Drums were perfectly timed with cannon blasts coming from a ship. A flute played as the ship then sailed calmly through the water. As it hit the high seas, an upbeat instrumental sea chantey began to play.

It had taken a few class periods, but Eric Peterson, 18, had created a score to go along with a short film segment called ‘‘Pride of Baltimore,” and on Friday his work was almost ready to be screened.

‘‘I put it in kind of a pirate situation,” the Silver Spring senior said. ‘‘I put some upbeat and piratey music in, and the part where the cannons fire, there are drums. ... Then there’s battle scene music,” he said. ‘‘... I’m proud of the entire thing.”

He was particularly proud of timing the cannon blasts with loud drum sounds. It was not easy to time the film clip with those sounds, he said.

Students in Sara Josey’s beginning and advanced piano class at Montgomery Blair High School have learned to create music for film with the help of Silver Spring resident and composer Michael Josephs, the parent of a Blair student. On Monday, they will present their film clips to parents and representatives from Wolf Trap, which funded the project through its foundation scholarship program, Josey said.

Josey, who was nominated for the scholarship by the county’s music supervisor, received a grant from the foundation and used the money to pay for expansions to the music software the students use.

Josephs, who has composed music for films on National Geographic and the Discovery Channel, gave students a presentation Friday on how to score music for video. Then students chose one of three minute-long films to score using computer music software and keyboards to lay tracks, layering sounds like drums, horns and flutes to create their own music.

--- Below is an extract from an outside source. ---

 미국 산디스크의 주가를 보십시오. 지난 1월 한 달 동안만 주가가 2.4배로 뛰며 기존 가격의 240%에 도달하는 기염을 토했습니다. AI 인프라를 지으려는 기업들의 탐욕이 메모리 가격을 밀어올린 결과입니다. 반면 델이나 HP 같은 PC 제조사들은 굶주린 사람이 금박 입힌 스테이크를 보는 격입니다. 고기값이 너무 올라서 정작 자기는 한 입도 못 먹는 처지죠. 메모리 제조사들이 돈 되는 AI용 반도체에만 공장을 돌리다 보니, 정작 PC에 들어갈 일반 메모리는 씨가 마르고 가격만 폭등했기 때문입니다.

‘‘They enjoy it,” Josephs said, adding the students have done well, quickly picking up concepts like tempo. ‘‘I’ve seen all the kids’ films. They’re great.”

‘‘They’ve learned how everyone views things differently,” Josey said, adding students also have learned how to bring film alive.

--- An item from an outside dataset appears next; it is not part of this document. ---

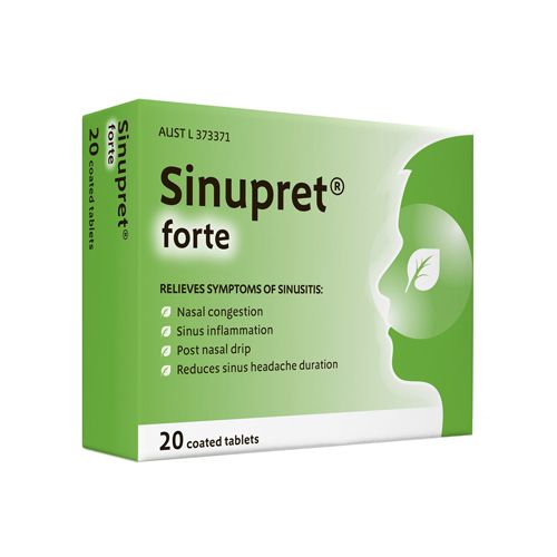 SinupretÀ® forte relieves symptoms of sinusitis such as nasal congestion, inflammation, post-nasal drip and reduces the duration of sinus headaches. The anti-bacterial and anti-viral properties of the unique herbal formula inhibit the growth of sinus-related bacteria, reducing the risk of subsequent bacterial infections from sinusitis.

Christopher Morrison, 17, sat in front of a keyboard and computer, finishing a soccer film and the music to accompany it. He had created loops of different beats, drums and chanting.

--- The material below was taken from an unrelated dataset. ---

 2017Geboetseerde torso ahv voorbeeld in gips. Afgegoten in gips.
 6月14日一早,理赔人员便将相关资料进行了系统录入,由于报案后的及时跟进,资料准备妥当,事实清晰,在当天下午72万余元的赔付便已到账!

‘‘It’s soccer and I mostly made it feel like it was a real game,” the Silver Spring junior said.

Freshman Roxana Calderon, 14, and sophomore Johnny Macario, 15, also worked together on the same soccer film, but their music sounded completely different.

They picked different world music from their computer software, Calderon said, and tried to choose music from different countries where soccer is popular, as well as some techno music and applause.

Senior Leandra Tidwell, 17, chose to use a film clip called ‘‘Pride of Baltimore,” which featured the Baltimore clipper ship. She created ‘‘piratey” music to go with it. Tidwell said she enjoyed being able to use the computer to write her film’s score.

‘‘I can’t write music, so being able to play a song and just have it there [on the computer screen] is really cool,” she said.

Through the project and working with Josephs, students have also learned that creating music is not just a fun diversion; it can be a valid career choice. Peterson, for instance, is interning with Human Factor Music, a Virginia-based music production company, and doing things similar to what he has learned in Josey’s class.

‘‘It’s exciting,” he said. ‘‘I get to do this stuff all the time.”